There are now Pattern Entities as well. These allow for complex regular expressions.

The design pattern of using entities to lower the confidence of an intent is still valid.

Manufacturing Intent

Creating manufactured questions is still very much an issue you would want to avoid.

That said, you may have seen Project Debater. While this is personal opinion (and no guarantee it will ever be a feature), I can see this technology augmenting the intent and answer creation of Watson Assistant.

Anaphora? I hardly knew her.

This is still very much a good and well used pattern. I’d love if Watson Development wrapped it into Watson Assistant, but for now it helps easily adding intelligence into your conversation.

Removing the confusion in Intents.

While this can help still in training, the current beta has features which will likely make this redundant.

Watson Conversation just got turned up to 11.

This should be “Watson Assistant” 😉

Slots have continued to improve. You can now create more complex slot responses and handlers. Allowing to jump to nodes within the slot itself, rather then create a conditional tree.
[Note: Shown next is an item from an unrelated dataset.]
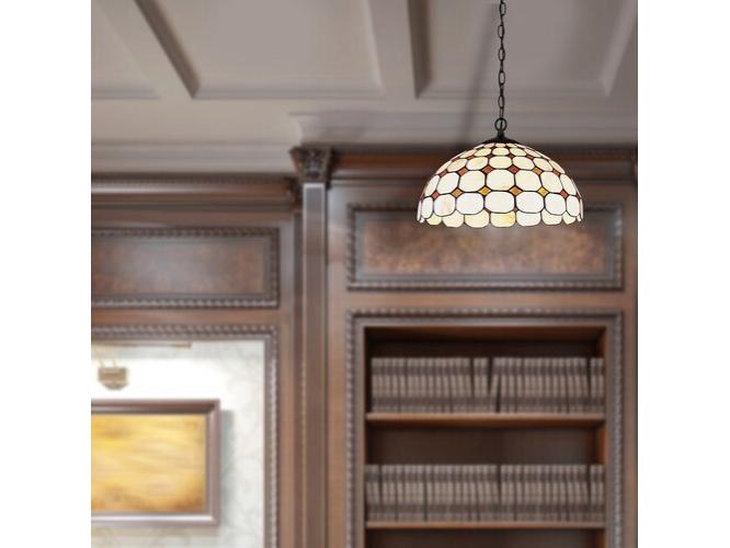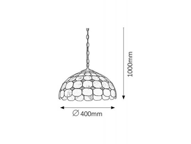 A Tiffany lámpabúrás csillár, egyedi, kézzel készült termék, amely remek választás, ha a klasszikus elegancia mellett egyedülálló, különleges darabot keres. Technikai adatai: Tiffany lámpabúrás függeszték 2 db foglalattal. 100 cm lelógású, 40 cm átmérőjű, bronz színű fémből készített lámpatest színes Tiffany-stílusú üveg lámpabúrával, IP20-as védelemmel. A lámpatest E-27-es foglalatú, max. 2x 60W teljesítményű halogén vagy energiatakarékos fényforrásokkal használható.

Digressions is also a new feature which allows you to dictate when the user can go off script, and pull them back.

I love Pandas

While I still love using Pandas, Watson Assistant logging analytics has improved dramatically. Again there are features coming in the Beta which make this even better for training your enterprise level chat bots.

For those in Premium IBM Cloud there is also a feature for it to recommend topics you have never seen before, and to help collate questions for intent training of new topics.

I have a Dream …

Since writing that blog post, Watson Speech to Text now uses Deep Learning to understand human speech. There is also a feature of “Acoustic models”, which allows you to train on accents in relation to your domain language.

Compound Questions

This is still a good pattern for compound questions. The current beta features may make this redundant in certain designs.

Improving your Intents with Entities.

With the huge improvements to Entities, I would consider this an anti-pattern. So ignore.

Conversing in three dimensions.

This is still a valid pattern. In fact I’ve seen it used in a number of very successful implementations. Again though, playing with the beta will show this may become redundant from a coding perspective.

Data Science Experience

It’s now “Watson Studio”! There are so many new features in this. The most important being the support of Deep Learning.

Since I wrote that blog you have the following new features (may be more).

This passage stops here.